Что-же осталось? Остались Будда и Христосъ, приноровленный къ толстовскому обиходу, философъ въ родѣ Сократа. Осталась обезкровленная мораль, нежизненная, ничѣмъ не питаемая.

***

Толстой никому ни въ чемъ не повѣритъ, собственными руками долженъ потрогать и сказать «свое» слово. Ему хочется, въ сущности, помѣриться съ Богомъ, самому создать міръ, лучшій уже созданнаго. Силы у него такія, что искушаютъ. Прометей похитилъ божественный огонь — Толстой не только его вырываетъ у Бога, но непрочь стать и самъ Деміургомъ. Зрѣлище его жизни есть зрѣлище титаническаго созиданія, разрушенія, вновь постройки, наворачиванія какихъ то глыбъ.

И всегда въ глубокомъ одиночествѣ.

***

Русская революція Толстого очень чествуетъ. Беря изъ него то, что «намъ» нужно, «мы» можемъ его къ себѣ приспособить. Насчетъ Будды, Христа и морали это въ немъ, разумѣется, пережитокъ, равно и непротивленіе злу. А вотъ что онъ укорилъ общество, церковь, семью, «безполезное» искусство, что вообще отринулъ «бывшее», всякую связь съ прежнимъ человѣчествомъ, что быль настроенъ такъ, чтобы на голомъ мѣстѣ создать новую жизнь — это «мы» привѣтствуемъ.

Былъ такой случай въ жизни Толстого: утомленный зрѣлищемъ нерѣдкихъ въ началѣ этого вѣка казней, онъ издалъ извѣстный вопль: «Не могу молчать!» Интересно знать, какой рыкъ раздался бы изъ Ясной Поляны въ эти «великіе» годы, когда теперешніе его чествователи истребляли людей тысячами, цѣлыя семьи, женщинъ и дѣтей?

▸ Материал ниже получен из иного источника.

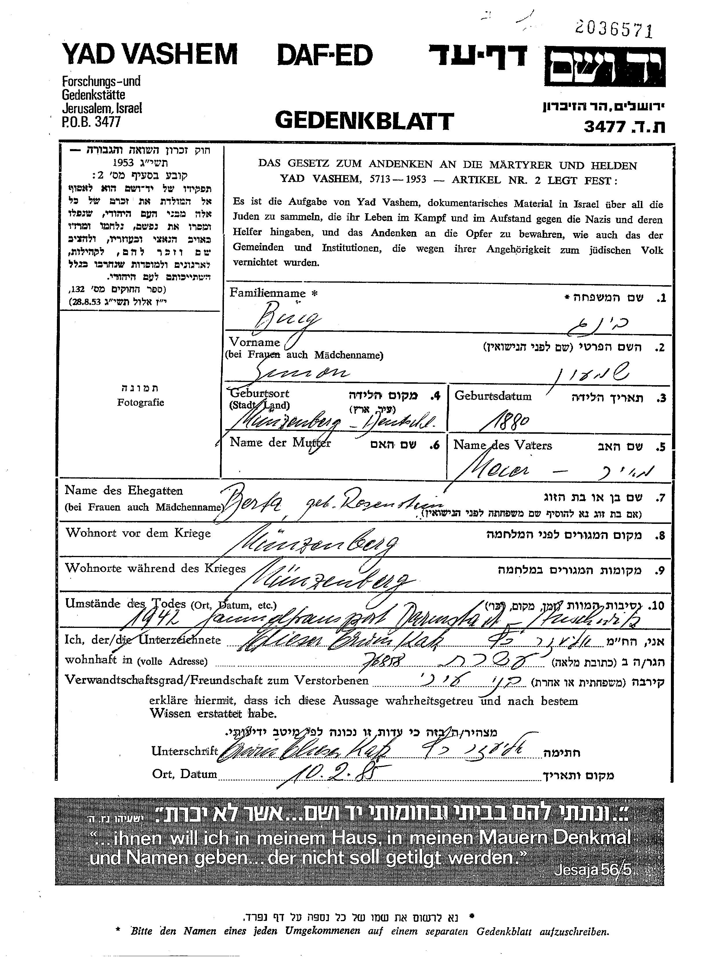 Suche nach einem Todesjahr im Zeitraum der Holocaust: 1933 bis 1945. Bitte wählen Sie 'Exakt' im Auswahlmenü, um nur nach einem einzelnen Jahr zu suchen, alternativ können Sie die flexibleren Optionen '+/- 2 Jahre' oder '+/- 5 Jahre' wählen.

Напрасно они его чествуютъ. Онъ бы ихъ проклялъ библейскимъ проклятіемъ.

***

Одинъ молодой человѣкъ, прочитавъ «Не могу молчать!», отвѣтилъ Толстому страстнымъ письмомъ. Опираясь на фразу «намыльте веревку и захлестните ее на моей старческой шеѣ», онъ высказалъ нѣсколько странную, но не столь нелѣпую мысль: онъ пожелалъ Толстому, котораго глубоко почиталъ — пожелалъ ему мученическаго конца, чтобы вотъ эта веревка дѣйствительно захлестнулась на его шеѣ. Вѣдь не онъ первый погибъ бы за свое исповѣданіе. По мнѣнію юноши, это было бы удивительнымъ завершеніемъ жизни.

Въ условіяхъ тогдашнихъ такія мечтанія были почти смѣшны. Кто, правда, тронулъ бы Толстого! Въ условіяхъ революціи, если бы онъ до нея дожилъ, разговоръ могъ бы быть и мной.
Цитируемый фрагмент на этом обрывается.